Exercise objective
Everything from the opening line of the records below up to and including the line containing "Nota: A despeito" should be retyped exactly, minus the pictures.

Start of Block

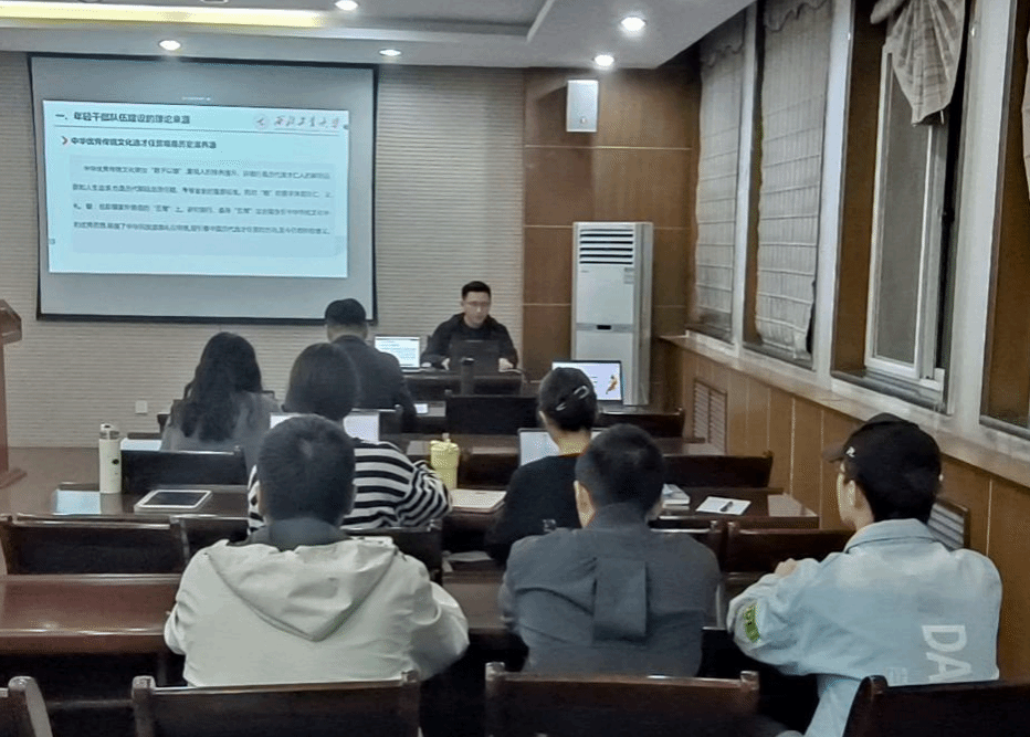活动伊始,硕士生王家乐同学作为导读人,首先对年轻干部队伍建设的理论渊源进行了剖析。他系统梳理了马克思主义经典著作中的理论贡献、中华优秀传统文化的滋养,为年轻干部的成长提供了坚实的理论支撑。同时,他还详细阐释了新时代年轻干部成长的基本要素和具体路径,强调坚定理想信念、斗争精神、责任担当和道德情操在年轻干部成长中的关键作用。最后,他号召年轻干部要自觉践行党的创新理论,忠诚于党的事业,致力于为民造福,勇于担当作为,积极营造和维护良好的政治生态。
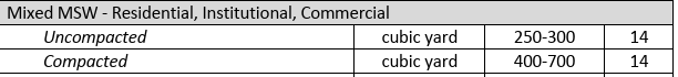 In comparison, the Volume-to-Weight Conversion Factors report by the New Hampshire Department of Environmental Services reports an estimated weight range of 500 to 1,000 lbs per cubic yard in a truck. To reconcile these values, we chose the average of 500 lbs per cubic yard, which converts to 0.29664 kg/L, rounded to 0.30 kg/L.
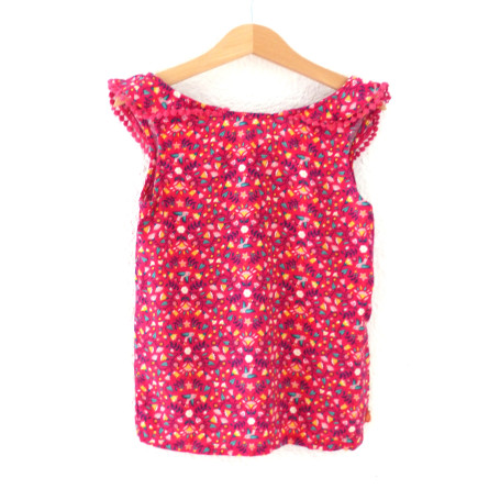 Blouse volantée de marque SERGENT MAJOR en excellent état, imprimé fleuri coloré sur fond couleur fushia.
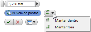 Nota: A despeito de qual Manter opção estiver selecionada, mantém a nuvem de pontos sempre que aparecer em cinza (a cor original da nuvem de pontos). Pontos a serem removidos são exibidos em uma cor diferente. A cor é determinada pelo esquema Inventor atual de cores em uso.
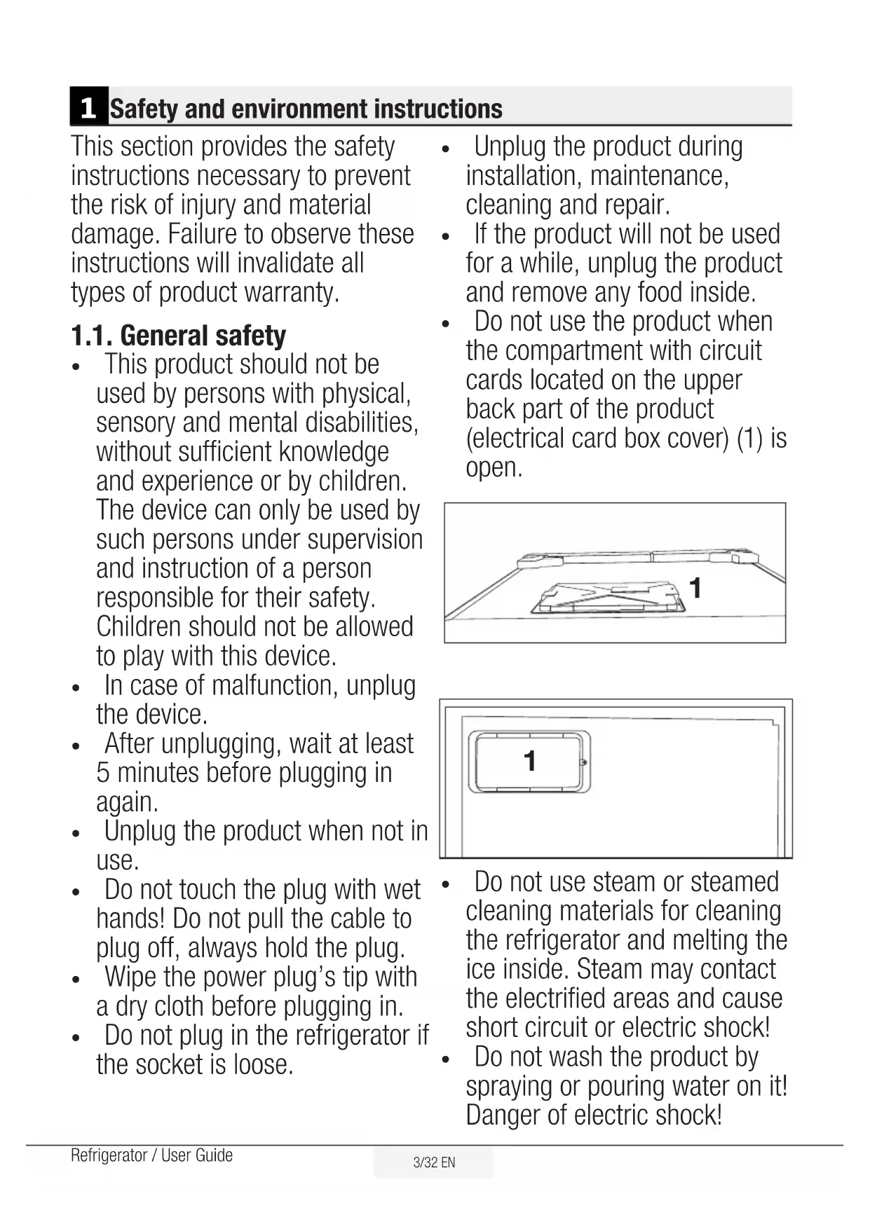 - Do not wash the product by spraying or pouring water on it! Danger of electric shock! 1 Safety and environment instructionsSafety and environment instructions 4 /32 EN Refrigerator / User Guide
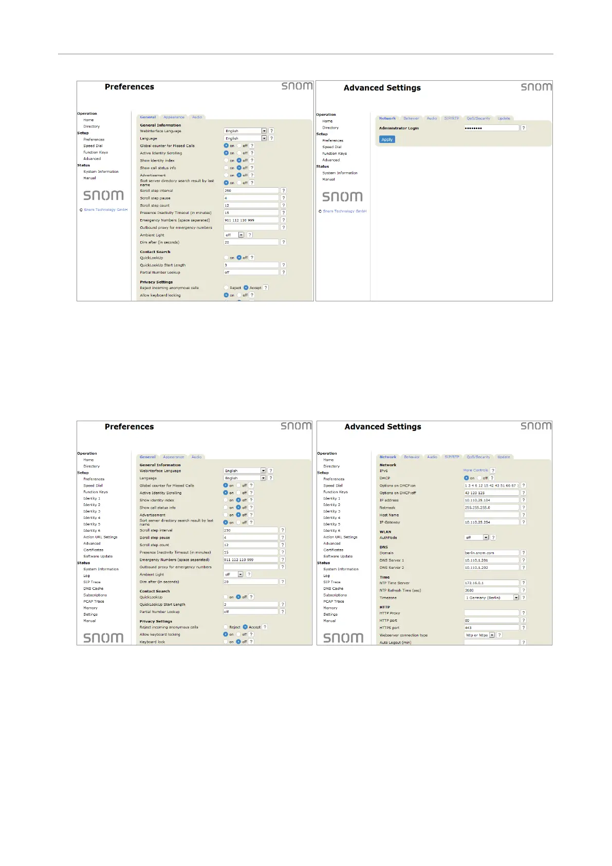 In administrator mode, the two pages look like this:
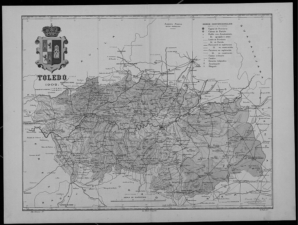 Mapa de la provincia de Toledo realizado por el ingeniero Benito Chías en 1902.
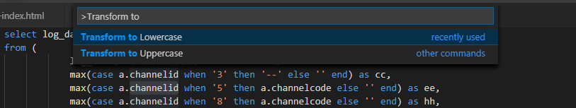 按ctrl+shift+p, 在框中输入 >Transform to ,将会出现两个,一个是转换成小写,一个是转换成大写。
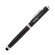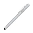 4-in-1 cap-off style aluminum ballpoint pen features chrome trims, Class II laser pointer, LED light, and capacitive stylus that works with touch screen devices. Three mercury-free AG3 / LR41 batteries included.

End of Block

Answer to this exercise
活动伊始,硕士生王家乐同学作为导读人,首先对年轻干部队伍建设的理论渊源进行了剖析。他系统梳理了马克思主义经典著作中的理论贡献、中华优秀传统文化的滋养,为年轻干部的成长提供了坚实的理论支撑。同时,他还详细阐释了新时代年轻干部成长的基本要素和具体路径,强调坚定理想信念、斗争精神、责任担当和道德情操在年轻干部成长中的关键作用。最后,他号召年轻干部要自觉践行党的创新理论,忠诚于党的事业,致力于为民造福,勇于担当作为,积极营造和维护良好的政治生态。
 In comparison, the Volume-to-Weight Conversion Factors report by the New Hampshire Department of Environmental Services reports an estimated weight range of 500 to 1,000 lbs per cubic yard in a truck. To reconcile these values, we chose the average of 500 lbs per cubic yard, which converts to 0.29664 kg/L, rounded to 0.30 kg/L.
 Blouse volantée de marque SERGENT MAJOR en excellent état, imprimé fleuri coloré sur fond couleur fushia.
 Nota: A despeito de qual Manter opção estiver selecionada, mantém a nuvem de pontos sempre que aparecer em cinza (a cor original da nuvem de pontos). Pontos a serem removidos são exibidos em uma cor diferente. A cor é determinada pelo esquema Inventor atual de cores em uso.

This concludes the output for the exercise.